Unfortunately, these institutions – particularly the TRI, the RRI or RRDI — lack sufficient financial support to develop answers to modern-day needs. While R&D is considered a key element in the progress of a nation, in Sri Lanka there is nary a mention in the media about these research institutes because they are considered not important enough. The Business Times recently carried a series of articles highlighting the plight of the RRI and related state rubber agencies. In one, Dr. L.M.K. Tillekeratne, former RRI Director, spoke of the role played by RRI scientists to convert rubber plantations in Myanmar and Cambodia to overtake total rubber production in Sri Lanka in less than a decade, while in Sri Lanka the RRI gets slipshod treatment. The same treatment applies to the TRI, particularly at a time when plantations are “getting the works” – struggling to survive due to a decades-old model governed by wages, poor yields and the ban on weedicides. Agriculture expert, Prof. C.S. Weeraratne in a newspaper article on Friday opposed the import of cheap quality tea – a demand by some tea exporters – saying such a move will kill an industry that was built on producing the best quality tea in the world. The folly of importing cheaper quality teas for re-export as a blended product has also been vigorously opposed by veteran producer Merrill J. Fernando, whose Dilmah tea sells as a pure Sri Lankan origin tea in 100 countries and is Sri Lanka’s only known brand in the world. Challenged to a public duel (read: public debate) by the tea-import lobby on the advantages or disadvantages of importing tea, Merrill (always relishing a challenge even at the age of 80+ years), is prepared. “I am ready for a public debate. Let them come,” he says.

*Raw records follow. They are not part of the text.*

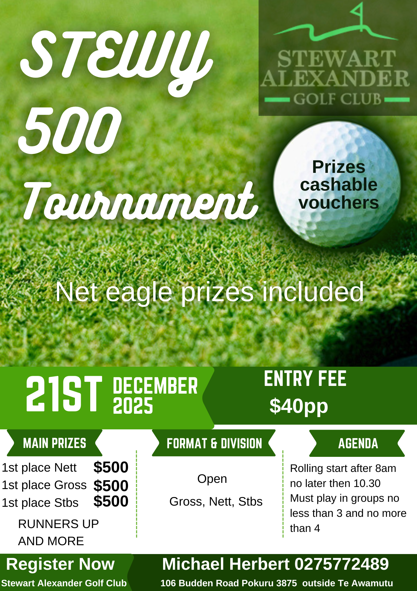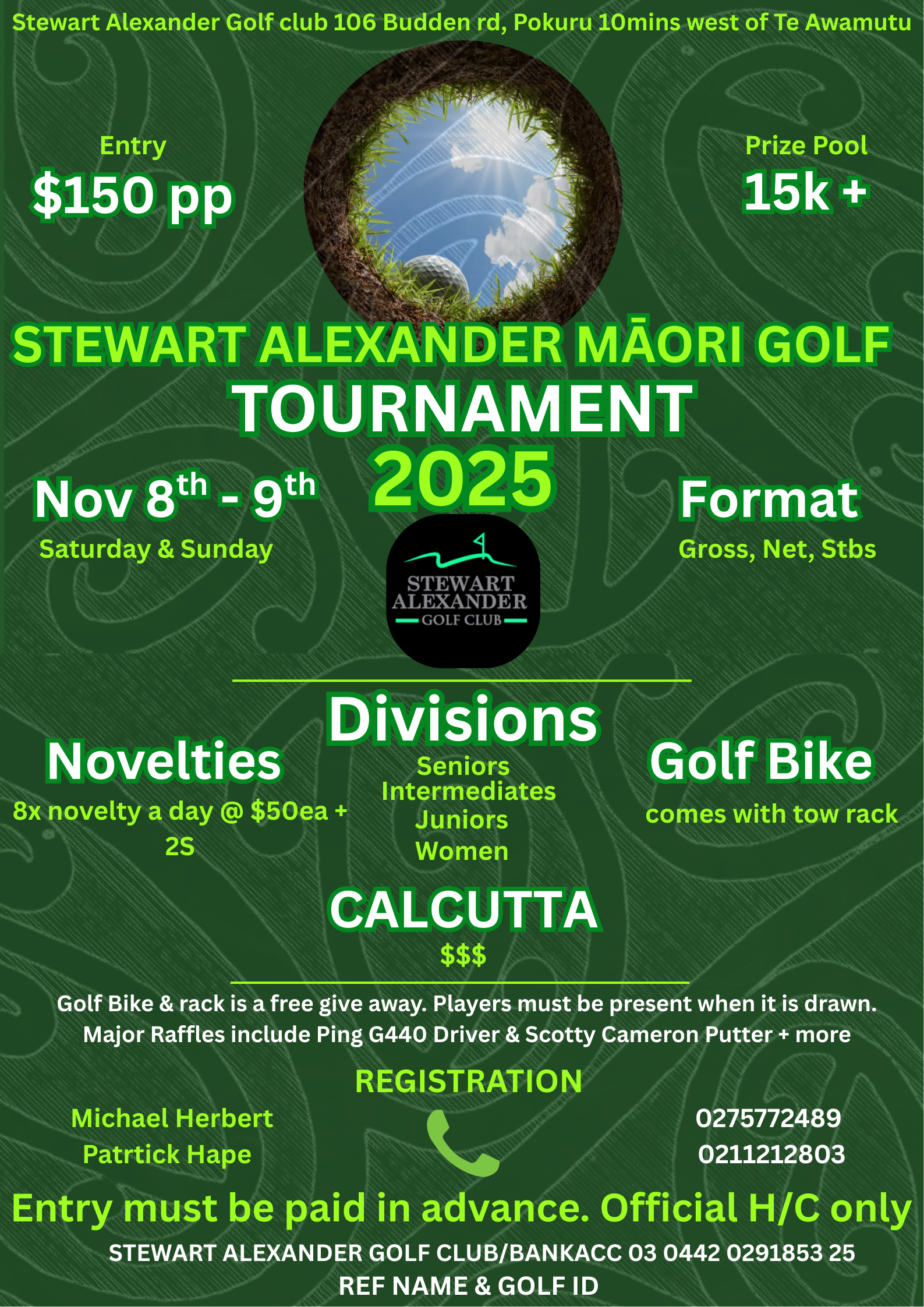 The Stewart Alexander Golf Course was opened in 1971 at its current location, and is situated just 6km south west of Te Awamutu at 106 Budden Road, Pokuru. Stewart Alexander is a superb course on a rolling contour, in an attractive setting with rural views. Defined fairways lined with mature trees and excellent greens make our course appealing all year round, to golfers of all handicaps.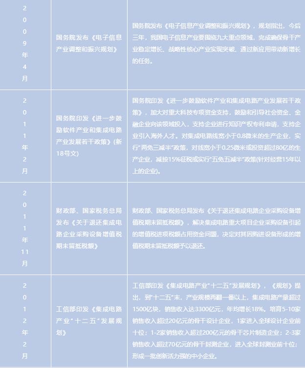 2011年出臺(tái)的《國(guó)務(wù)院關(guān)于印發(fā)進(jìn)一步鼓勵(lì)軟件產(chǎn)業(yè)和集成電路產(chǎn)業(yè)發(fā)展若干政策的通知》,提出要大力支持軟件和集成電路重大關(guān)鍵技術(shù)的研發(fā),努力實(shí)現(xiàn)關(guān)鍵技術(shù)的整體突破,加快具有自主知識(shí)產(chǎn)權(quán)技術(shù)的產(chǎn)業(yè)化和推廣應(yīng)用,重點(diǎn)支持高端芯片、集成電路裝備和工藝技術(shù)、集成電路關(guān)鍵材料、關(guān)鍵應(yīng)用系統(tǒng)的研發(fā)以及重要技術(shù)標(biāo)準(zhǔn)的制訂;在《電子信息制造業(yè)“十二五”發(fā)展規(guī)劃》和《集成電路產(chǎn)業(yè)“十二五”發(fā)展規(guī)劃》中也均提出要著力發(fā)展芯片設(shè)計(jì)業(yè),壯大芯片制造業(yè),開(kāi)發(fā)髙性能集成電路產(chǎn)品,增強(qiáng)先進(jìn)和特色工藝能力。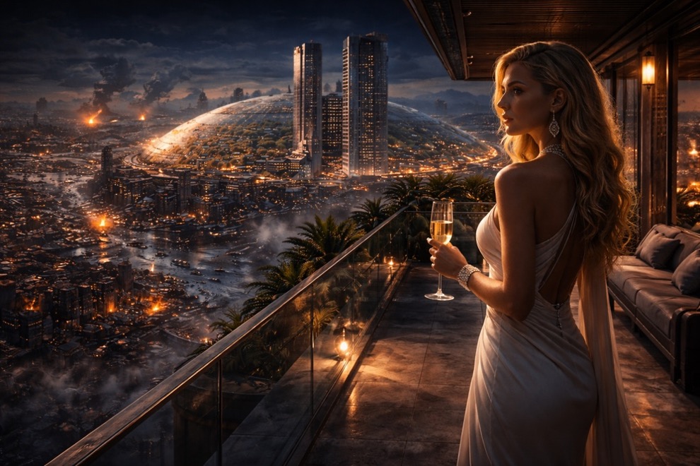 Later that evening, as Emilia stood on her balcony, watching the city glitter below her, she reflected on the perfect order Arcadia had achieved. It had cost the world everything, but it had worked. The elite had become gods, isolated from the suffering, the suffocating heat, and the apocalyptic collapse that had befallen the Earth.

Sri Lanka’s state-funded research community is comparable to the best in the world but lacks financial clout and stature to cross new borders in the research arena. This is not the case in terms of the plethora of market research and privately-led agencies that are more focused on consumer buying trends and patterns of spending or privately-funded research agencies that rely on non-state funds. And not forgetting new agencies like Verite Research which is, in fact, drawing attention even from state agencies, which unfortunately choose to ignore their own research units.

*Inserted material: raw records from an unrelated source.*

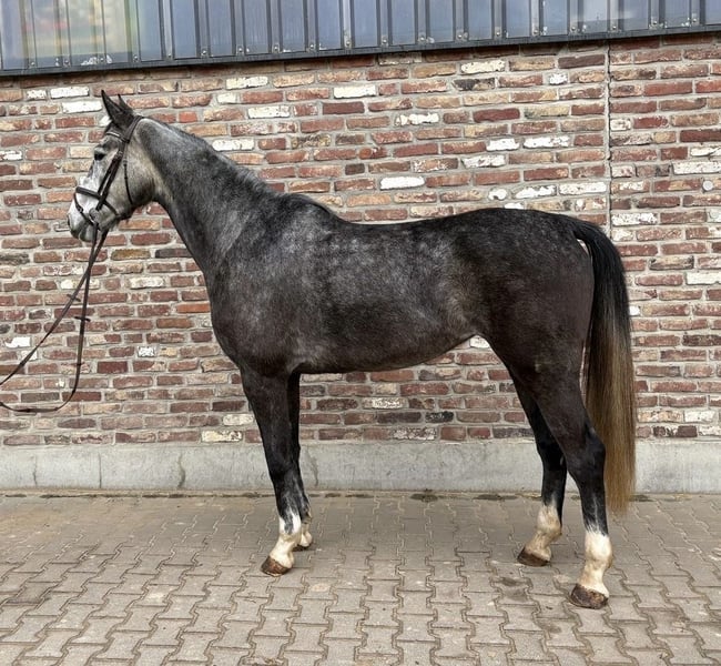 This mare is very well-behaved and rideable under saddle, currently tackling her first jumps with a rider. She is uncomplicated, easy to handle, and very gentle and friendly. She is barefoot and comes directly from the breeder. She enjoys hacking out and is currently still living in a herd.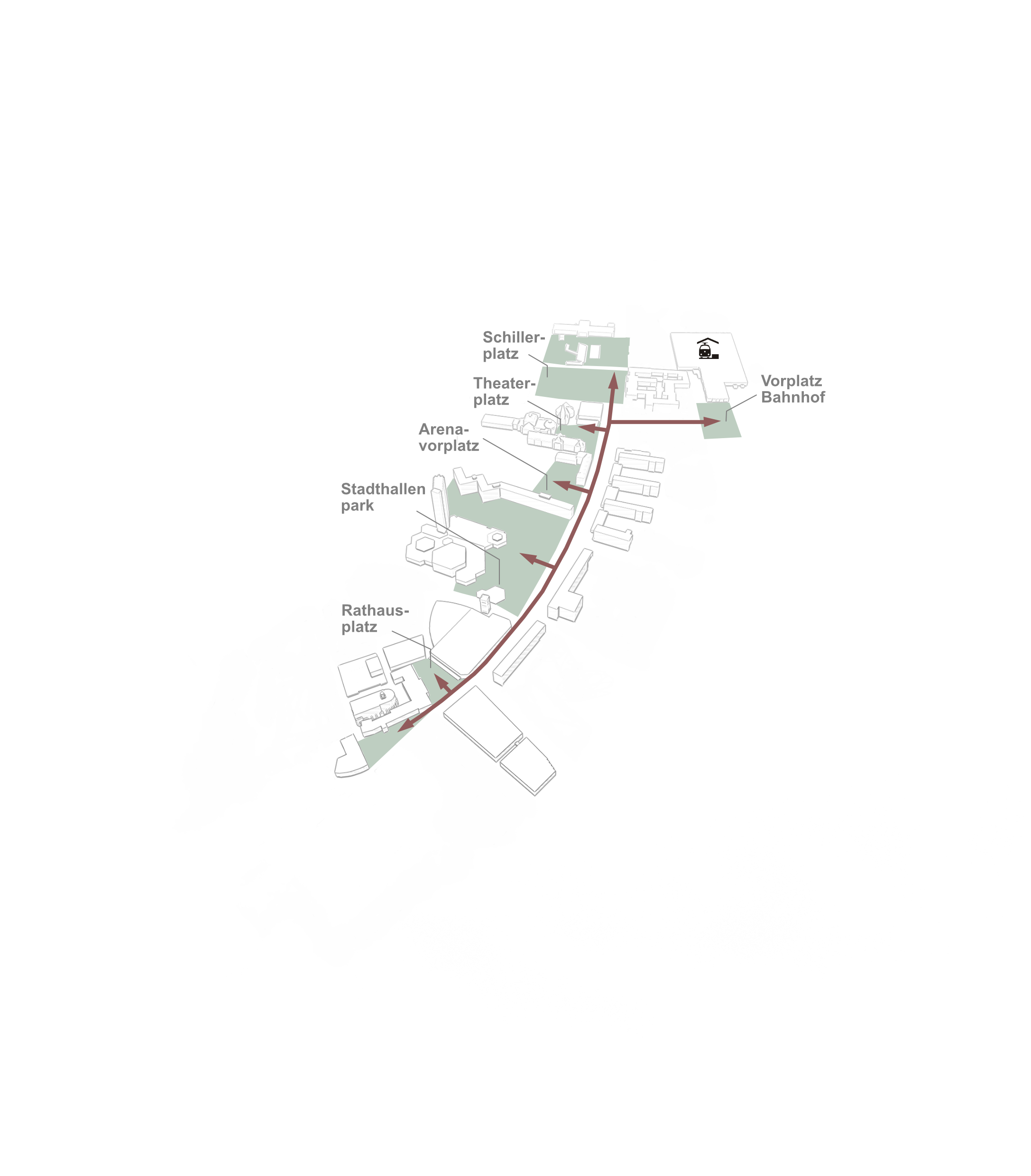 Das Zentrum von Chemnitz wird im Rahmen eines umfassenden städtebaulichen Entwurfs neu gedacht. Während sich das Stadtzentrum bislang weitgehend auf die historische Altstadt beschränkte, weitet das neue Konzept die Perspektive aus und bindet bisher randständige Orte wie den Hauptbahnhof, den Theaterplatz, die Stadthalle und den Platz der neuen Arena in ein erweitertes, zusammenhängendes Zentrum ein. Im Mittelpunkt steht dabei die Entwicklung eines urbanen Stadtraums, der nicht nur funktional, sondern auch gestalterisch, ökologisch und sozial erweiterten Ansprüchen gerecht wird.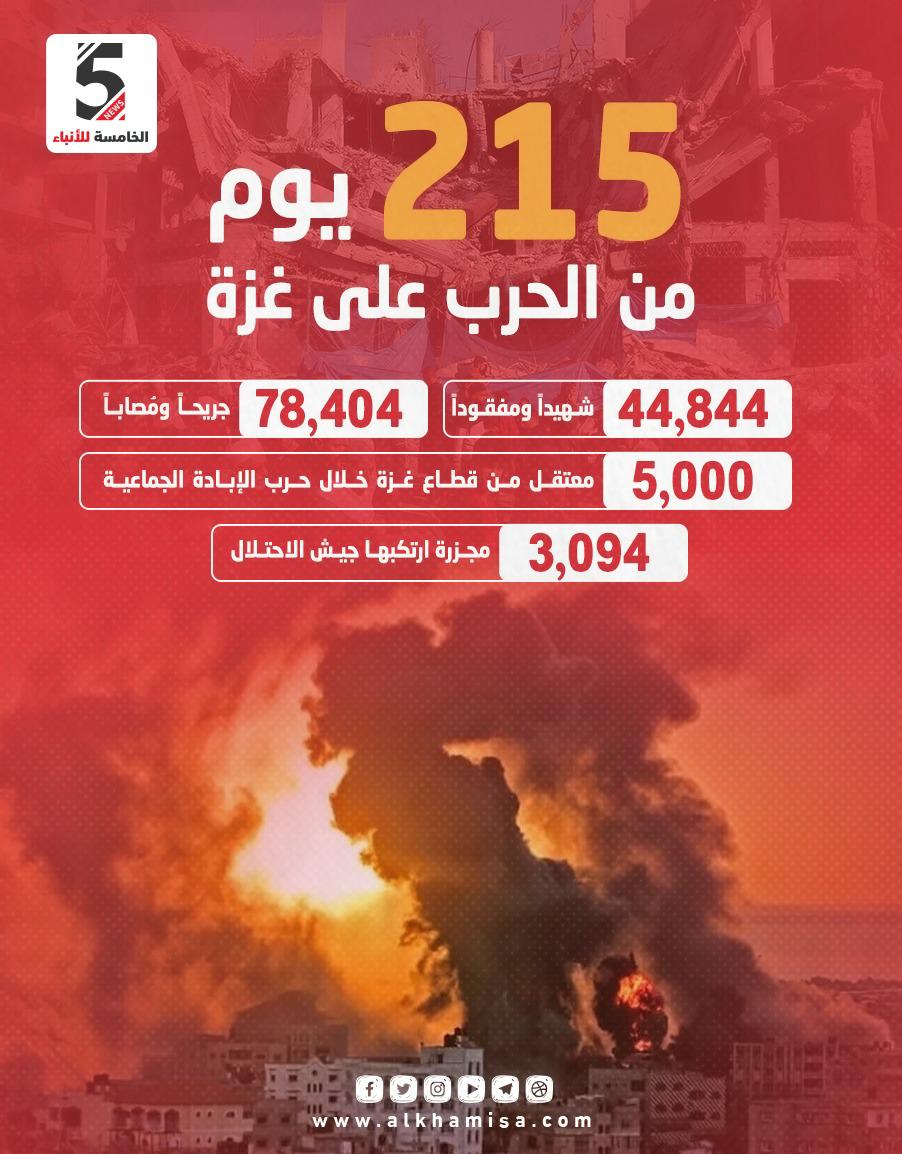 الرئيسية/انفو جرافيك الخامسة/إحصائيات حرب الإبادة الجماعية على غزة لليوم 215 انفو جرافيك الخامسةطوفان الأقصى إحصائيات حرب الإبادة الجماعية على غزة لليوم 2159 مايو، 2024 شبكة الخامسة للأنباء - غزة الوسوم#احصائيات #العدوان_الاسرائيلي #جيش_الاحتلال #حرب_غزة #شهداء #طوفان_الأقصى #قطاع_غزة #مجزرة نسخ الرابط تم نسخ الرابط 9 مايو، 2024 شاركها فيسبوك X ماسنجر ماسنجر واتساب تيلقرام طباعة

If not this time, the authorities should – at least in the next budget — seriously consider paying more attention and money on R&D. The nation’s future – blessed with an abundance of nature and natural resources that most countries don’t have — lies in finding answers to the country’s food mix, nutritional content vis-à-vis costly farming and production methods and technological advances in industry and commerce which can only come from investing adequately on research and development.